Related Work & Insights¶
- vs. MCTS-based methods (Math-Shepherd, OmegaPRM): MCTS infers step quality from final outcomes via multiple rollouts per step—computationally expensive but with high recall. SPARE uses direct reference alignment for evaluation, achieving 2.3× speedup at the cost of slightly lower recall. The two approaches are complementary.
- vs. GenRM (Zhang et al. 2025): GenRM uses a stronger model to generate synthetic reasoning traces as reference; it functions as an ORM rather than a true PRM. SPARE provides genuine step-level process supervision without requiring a stronger teacher model.
- vs.
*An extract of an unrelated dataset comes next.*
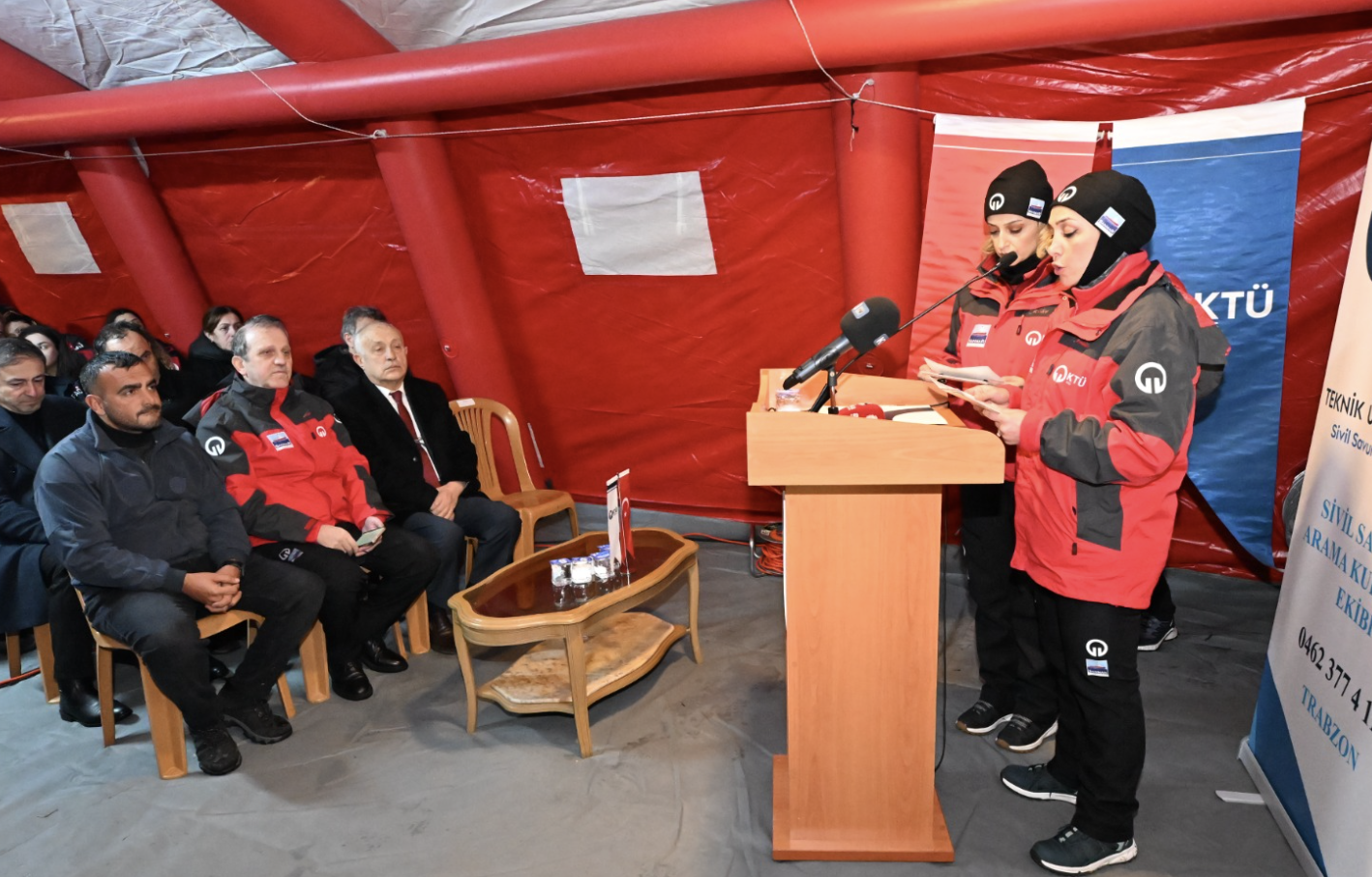 15 Temmuz Demokrasi Alanı'nda kurulan sahra çadırında gerçekleştirilen programa; KTÜ Rektörü Prof. Dr. Hamdullah Çuvalcı, Trabzon Büyükşehir Belediye Başkan V. Ahmet Yüksel Gülay, Trabzon İl Afet ve Acil Durum Müdürü Mustafa Hüseyinpaşaoğlu, Rektör Yardımcısı Prof. Dr. Bünyamin Er ve Prof. Dr. Ali Temiz, Genel Sekreter V. Prof. Dr. Cemil Rakıcı, KTÜ Arama Kurtarma Ekibi, Kızılay temsilcileri, UMKE personeli, AFAD personeli ile akademisyenler ve çok sayıda davetli katıldı.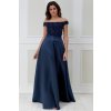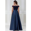 Tmavě modré společenské šaty s vyšívanými květinkami

ThinkPRM (Khalifa 2025): ThinkPRM generates verification reasoning with a stronger model and additionally requires human step labels from PRM800K for filtering. SPARE requires no human step labels whatsoever.
Rating¶
- Novelty: ⭐⭐⭐⭐ — Efficient single-pass joint alignment and evaluation design; novel approach to reusing reference solutions.
- Experimental Thoroughness: ⭐⭐⭐⭐⭐ — Four diverse reasoning benchmarks, two downstream applications (PRM + RL), efficiency analysis, and complementarity analysis.
- Writing Quality: ⭐⭐⭐⭐ — Clear architectural diagrams; the NLI analogy aids comprehension.
- Value: ⭐⭐⭐⭐⭐ — Substantially reduces the cost of acquiring step-level process supervision, with direct practical utility for PRM training.